STA113 Probability and Statistics in Engineering
Section 001, #2683
Spring 2005
Other exercises may be assigned. Quizzes will be based largely
on homework problems. Data sets from the book for homework are on the web for easy loading into Matlab.
Homework Problems:
Ch1: 19, 25, 33, 41, 43, 50, 59 (histp.m for probability histograms)
Ch12 (12.1, 12.2 only): 3 (get the estimates and correlation), 16abc
Getting tabular data into matlab is a bit harder than with some other statistics
software. "tdfread" is pretty good, but for a space-separated file you need to
specify the delimiter--tdfread('data.txt', ' '). It also expects a line of column labels
at the top.
What is the probability of a pair in the pocket pre-flop?

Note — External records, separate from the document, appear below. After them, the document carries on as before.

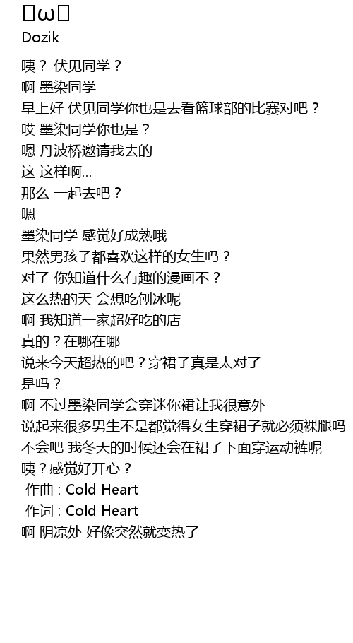 | [00:00.370] | zuo ci : Cold Heart |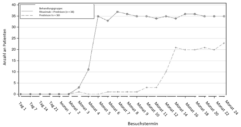 Nach Induktion einer Remission mit anderen Standard-Immunsuppressiva, sollte eine Erhaltungstherapie mit Ruxience innerhalb von 4 Wochen nach der Krankheitsremission eingeleitet werden.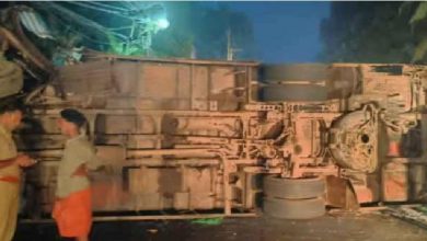 ബസ് മറിഞ്ഞത് മരത്തിലും കാറിലും ഇടിച്ച ശേഷം നടുറോഡിന് കുറുകെ: തൃശൂര് കുന്നംകുളം റോഡില് ബസ് മറിഞ്ഞ് അപകടം; 10 പേര്ക്ക് പരിക്ക്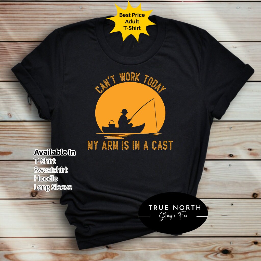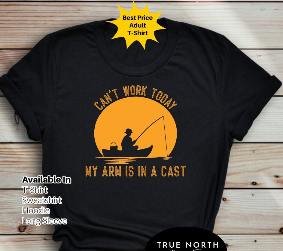 Mens Fishing T shirt, Funny Fishing Shirt, Fishing Graphic Tee, Fisherman Gifts, Present For fisherman, I Cant Work My Arm is in a Cast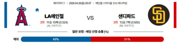 04월20일 LA에인절스 : 샌디에이고 MLB 분석 및 예측 스포츠중계,스포츠분석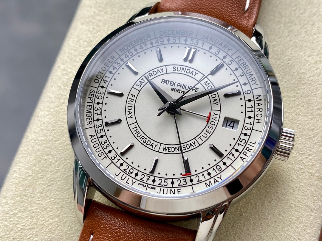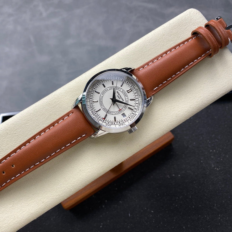 CALATRAVA STEEL CASE BROWN CALFSKIN STRAP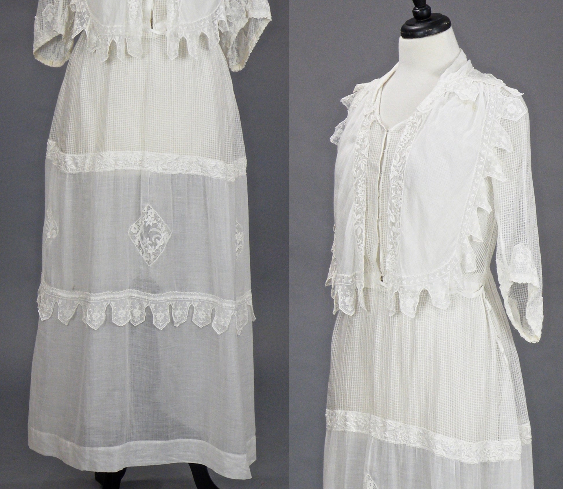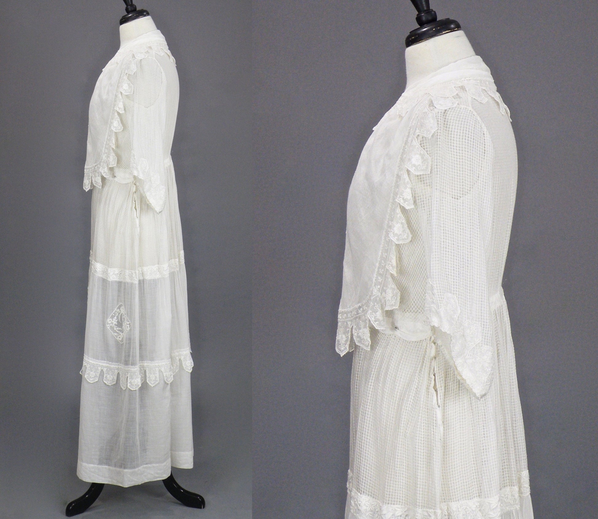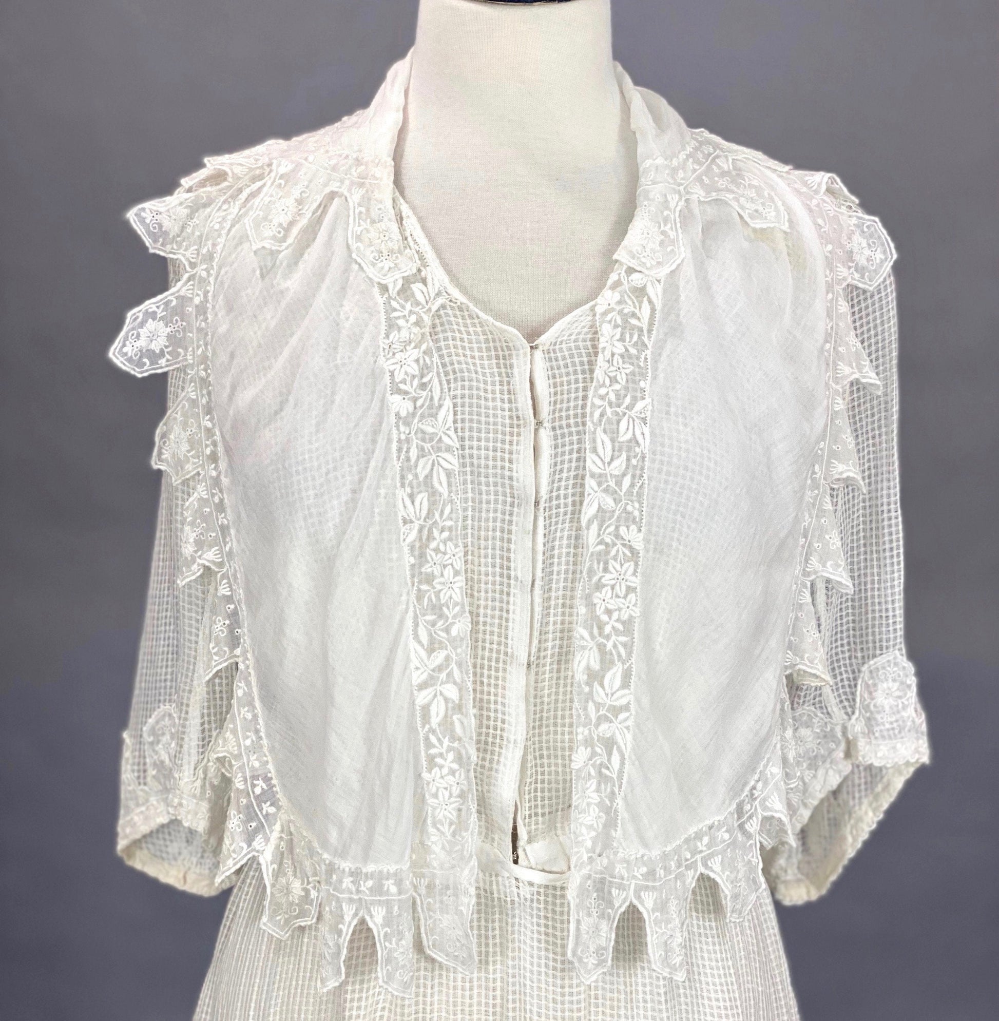 Gorgeous antique 1910s Edwardian cotton lingerie dress crafted from exceptionally fine, sheer, and lightweight materials. The body of the dress is composed of an airy windowpane-weave cotton combined with equally delicate sheer white cotton, creating a soft, translucent effect typical of high-quality lingerie dresses from the period.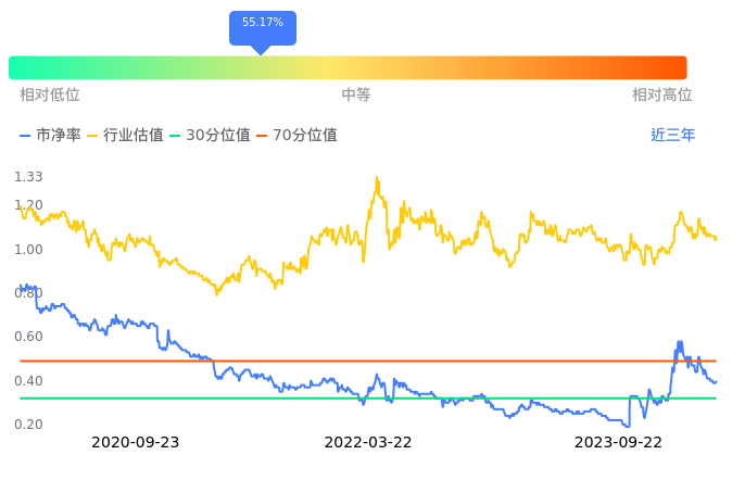 荣盛发展当前市净率PB为0.40,在所属的房地产开发中,市净率PB排4,前五名分别为ST世茂市净率0.30、金融街市净率0.36、福星股份市净率0.39、荣盛发展市净率0.40、绿地控股市净率0.42。荣盛发展当前市净率PB为0.40,超过近3年55.17%的历史数据。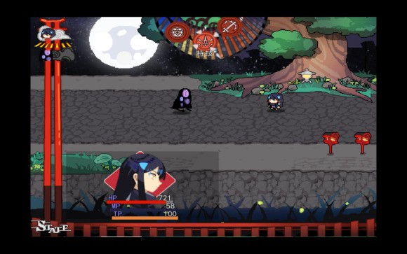 然后进入下一个场景会进入第一场战斗,并获得初始武器——村里最好的水管和一件衣服并装备(别想着脱衣服人物贴图也会变这样的小聪明噢)同时附上新手教程如下,至此游戏所有新手导引元素结束。战斗具体不难,依靠方向键切换轮盘选择行动方式即可,攻击就是老老实实打一下,牵扯魔法和治疗的术式和特技会在以后解锁,分别消耗人物的MP(蓝槽)和TP(黄槽),顾名思义,后者可以通过受击和攻击回复。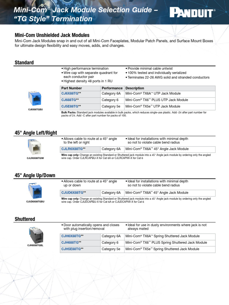 Mini-Com ® Jack Module Selection Guide – “TG Style” Termination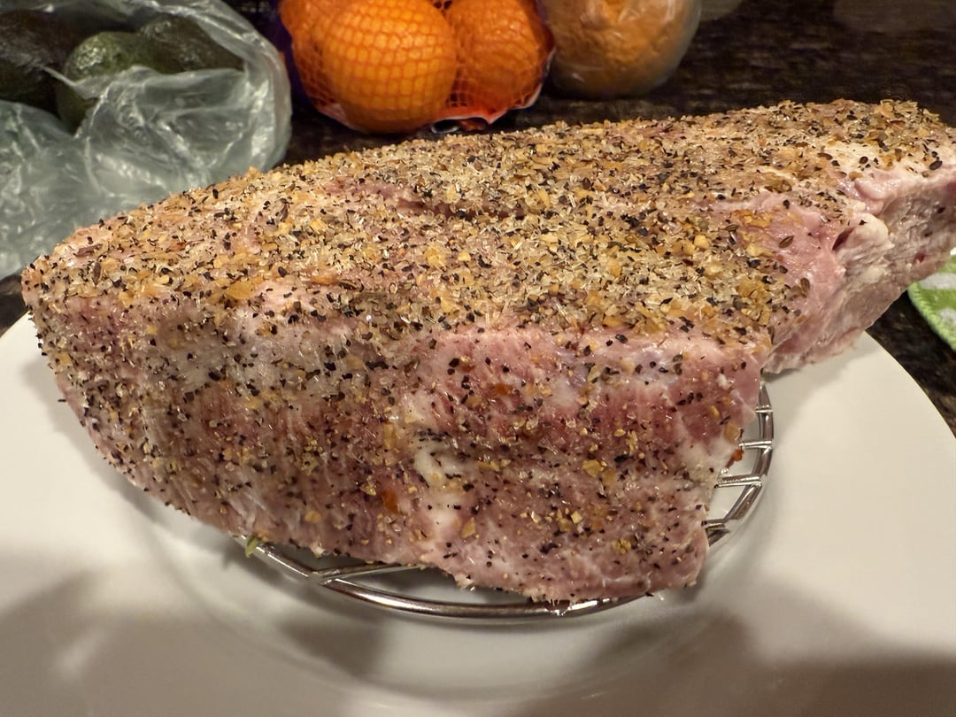 USDA Prime chuck eye roast (before anyone says that's a ribeye that's also what I said to the butcher at the sole remaining stand alone old school butcher in the area and he said no it's just the first cut of the chuck where it meets the ribeyes). A little over 2lbs at $12/lbs. Pricey in the NYC metro area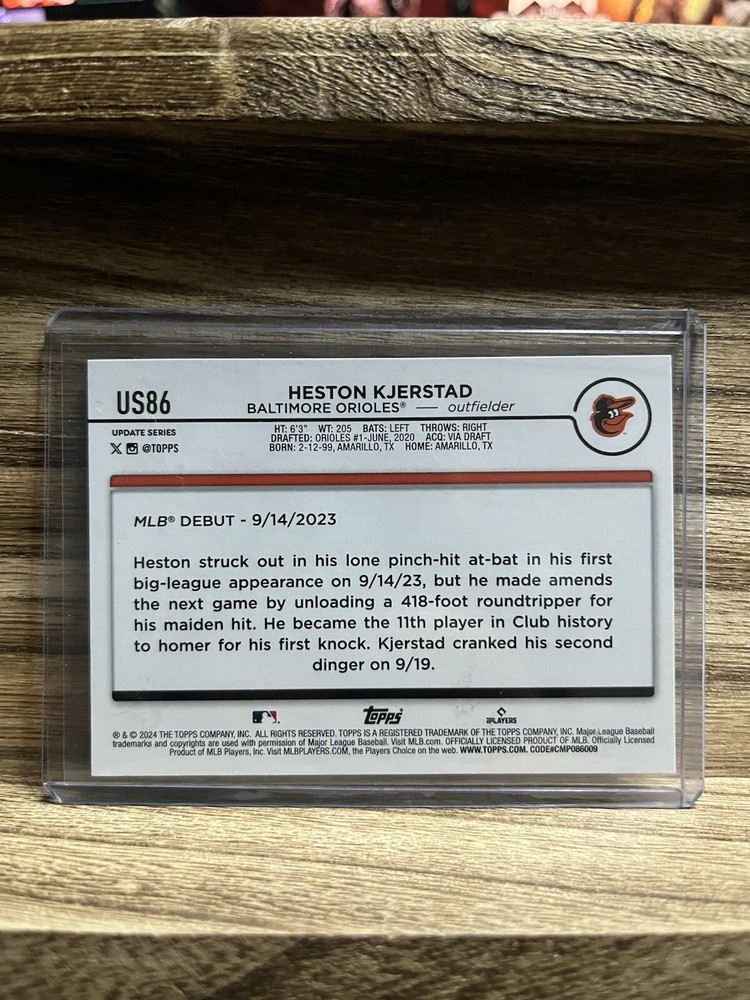 Team:Baltimore OriolesCard Number:394Features:Rookie, Base SetSet:2024 Topps Series 2Autographed:NoCountry/Region of Manufacture:United StatesPlayer/Athlete:Heston KjerstadSeason:2024Parallel/Variety:[Base]Year Manufactured:2024Sport:BaseballOriginal/Licensed Reprint:OriginalMaterial:Card StockVintage:NoEvent/Tournament:MLB World SeriesLeague:Major League Baseball (MLB)Card Thickness:20 Pt.Manufacturer:ToppsType:Sports Trading Card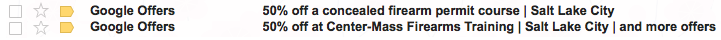 And my favorite… gun offers. Oh Google, you’re so silly. I don’t own firearms, want to own firearms or need to own firearms. So firearm training? Not really my thing.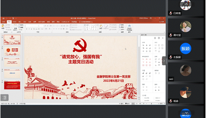 为深化党史学习教育,引导广大毕业研究生党员发扬红色传统,传承红色基因,赓续红色血脉,增强“四个意识”,坚定“四个自信”,做到“两个维护”,博士生第一党支部于2022年6月21日晚上7:30召开“请党放心,强国有我”主题党日学习活动。会议由支部书记赵志桦同志主持,34名党员参加学习,博士生宣讲团成员、best365足球官网博士生第二党支部宣传委员张文雅同志出席会议并做党课分享。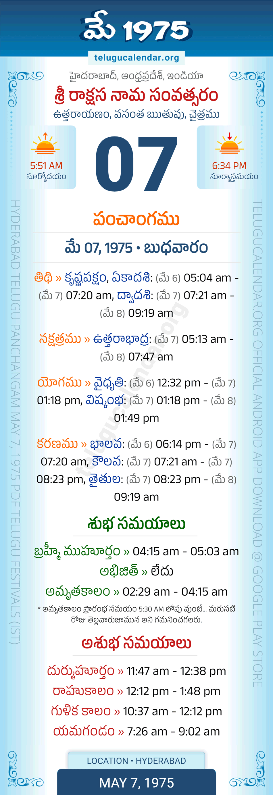 Download » May 7, 1975 » Hyderabad, Andhra Pradesh Telugu Calendar Panchangam Daily Sheet with Auspicious and Inauspicious Timings.

What is the probability that four cards of one suit in the pocket and the flop complete
to a flush?
RAID (Redundant Array of Independent Disks--a way to combine hard disk drives
to increase reliability): Three 1 Gbyte hard drives store 2 Gb of data as follows: the first Gb is on
disk 1, the second Gb is on disk 2, and on disk 3 the xor of the bits on the first two
drives is stored (the xor is 1 if the other two are both the same, 0 otherwise, so if you know
two of the three values you can get the third). If disks fail and lose data independently
with probability p=.01, find the probability that the total RAID
configuration loses data. If you compare this with no replication (everything on
two disks) the RAID system is much more reliable. If you compare it with total
duplication where everything is stored twice over four disks, the RAID system has
almost the same reliability but fewer disks.
Unfortunately, the book counts the number of failures before the success
as the geometric r.v., rather than the more standard trial of the first
success. This leads to a pmf shifted one unit to the left,
and the mean in the book is the real mean 1/p minus 1 (giving 1/p -1 = (1-p)/p).
I will not use the book's system!
Geometric Distribution problems:
What is the probability that the first 6 in repeated rolls of a die occurs somewhere
in rolls 1 through 5?
A very large box is filled with parts and some are defective, say a proportion p.
If we sample randomly from the box until a defective part appears, and
it is discovered, over thousands of these experiments, that on average
the first defective appears on the
tenth draw, estimate the unknown proportion p.
Let p be the probability that a packet arrives on an IP network in a discrete time interval
of 10^-6 seconds (which is the clock precision). Assume arrivals from one interval to
the next are independent.
If the mean time between packet arrivals is 550 (10^-6 seconds), estimate p and then estimate
the expected number of packets over a period of 1 second. Finally, if each
packet carries 64 bytes, find the probability that the amount of traffic (number of
bits) in one second exceeds the capacity of 1Mbit/s. (If the size of each packet is
random, then the problem is more complicated.)
Monte Carlo integration: If U_1, U_2, ..., U_1000 are unif(0,1) random
variables, what integral does the average [exp(exp(U_1))+ ... + exp(exp(U_1000))]/1000
approximate? Can you do this integral by hand?
To do calculations with
the Weibull distribution in Matlab, such as for 66, note that the Matlab parametrization is different than the book--
weibpdf(x,a,b) is the function f(x)=abxb-1e-axb for x > 0, with mean a-1/bGamma(1+1/b)
82 --try "qqplot" in Matlab, which essentially plots
the normal percentiles at values (1-.5)/10, (2-.5)/10, ..., (10-.5)/10 against the ordered data:
Normal(mu, sigma) data will give a qqplot that is nearly a straight line with slope sigma, intercept mu.
To see this, try y=normrnd(2,3,100,1) to simulate N(2,3) data and apply qqplot to y.
Matlab does not have the newer method for the binomial c.i., but binci.m does it. The old
method (7.11) is binciold.m.
Ch8: 1, 11abc, 21, 30, 32a, 35, 36a, 44, 46, 47
Ch9: 5, 28, 33, 41, 44 (sections 1-3 only)
Matlab just added the newer method, sometimes called Welch's approximation, for confidence intervals in a two sample situation where the variances are not the same. This feature is in Version 7, not 6, which you start with the command "matlab7" at this time. The .m file twosampleci.m also does it right.